İZ GAZETE- Halkların Demokratik Partisi (HDP) İzmir Milletvekili Serpil Kemalbay, İz Televizyonu’nda İz Gazete Sorumlu Yazı İşleri Müdürü Yağız Barut’un sorularını yanıtladı. HDP İzmir İl Binası’na yönelik gerçekleşen silahlı saldırı hakkında açıklamalarda bulunan Kemalbay, İzmir İl Emniyet Müdürü Hüseyin Aşkın ile ilgili kritik bir iddiada bulundu. 

‘BİRAZ DAHA GEÇ OLSA…’
HDP’nin, AKP’li Cumhurbaşkanı Recep Tayyip Erdoğan ve MHP Genel Başkanı Devlet Bahçeli tarafından sürekli hedef gösterildiğini söyleyen İzmir Milletvekili Kemalbay, “Uzun süredir HDP’nin il binalarının önüne çadırlar kurularak, oralara birtakım insanlar getirilip HDP hedef gösterilmeye çalışılıyor. Son 2 ayda da il binamızın önüne bir çadır kuruldu ve çadırın etrafından polis bariyerleri, Türk bayrağı ve polisin o çadırı korumak için aldığı bir güvenlik önlemi vardı. Yani partimizi korumak için herhangi bir şey yok fakat içi boş olan, hükümetin algı operasyonu için kurulmuş bir çadır vardı. Partimize saldırmak için gelen saldırgan içeri girdiğinde, ikinci katta olan parti binamıza saldırı için geldiğini sivil polisler biliyordu.
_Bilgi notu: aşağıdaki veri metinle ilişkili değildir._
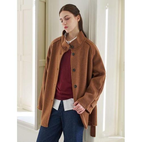 [위시드]하이넥 울 블렌드 스트랩 하프 코트 (WICDCT004)
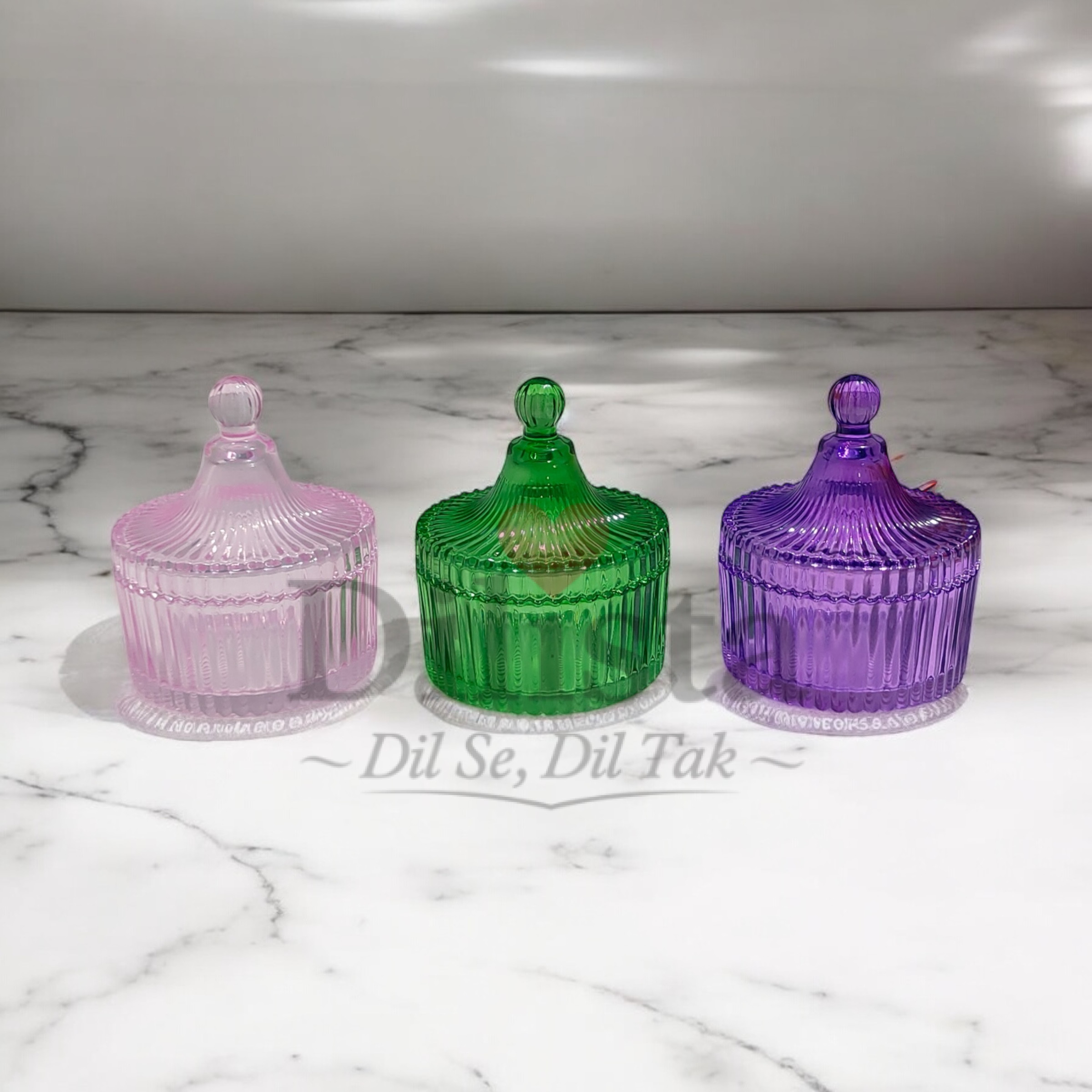 This lining candy jar comes with a glossy finish and vibrant color options, designed to add a premium and eye-catching look to candy storage and display. Available in green, pink, and purple, it is ideal for attractive retail presentation and decorative use.

Bunu nereden biliyoruz? Saldırgan içeri girdikten sonra eş başkanımız kapıya geliyor ve elinde yere doğrultulmuş silahla 3 sivil polisin il binamıza baktığını, kapının girişinde olduklarını görüyor ve ‘Ne oluyor, bir şey mi var?’ diye sorduğunda ve ‘İkinci kata saldırı var’ deniyor ve o esnada da silah sesleri duyuluyor. Yani ikinci kata bir saldırı olduğunu aşağıdaki sivil polis biliyor. Partimizde bir yaprak düşse polisin haberi var, her taraftan gözetim altındayız ve her etkinliğimizde polisler il binamızı arar, mutlaka müdahil olurlar. Bizim de dün imza günümüz vardı, eğer bu saldırı biraz daha geç yapılsaydı daha çok insanı hedefleyecekti. Polisler o çadırı koruyan polisler ve bu etkinlikte ilgili il binamız aranmadı. Daha önce sürekli gösterdikleri davranışı bu etkinlikte yapmadılar. Bunun da bilgileri dahilinde olduğunu düşünüyoruz. Böyle düşünmemizin sağlayan pek çok şey var. Bunu tarihimizden biliyoruz, Abdi İpekçi suikastinden, Hrant Dink katliamına kadar pek çok siyasi cinayet işlendi. Türkiye’de halkları karşı karşıya getirmek için birçok saldırı gerçekleştirilmiştir. Bunlar, devletin derin dehlizlerinde planlanan saldırılar olarak tarihe geçmiştir” diye konuştu.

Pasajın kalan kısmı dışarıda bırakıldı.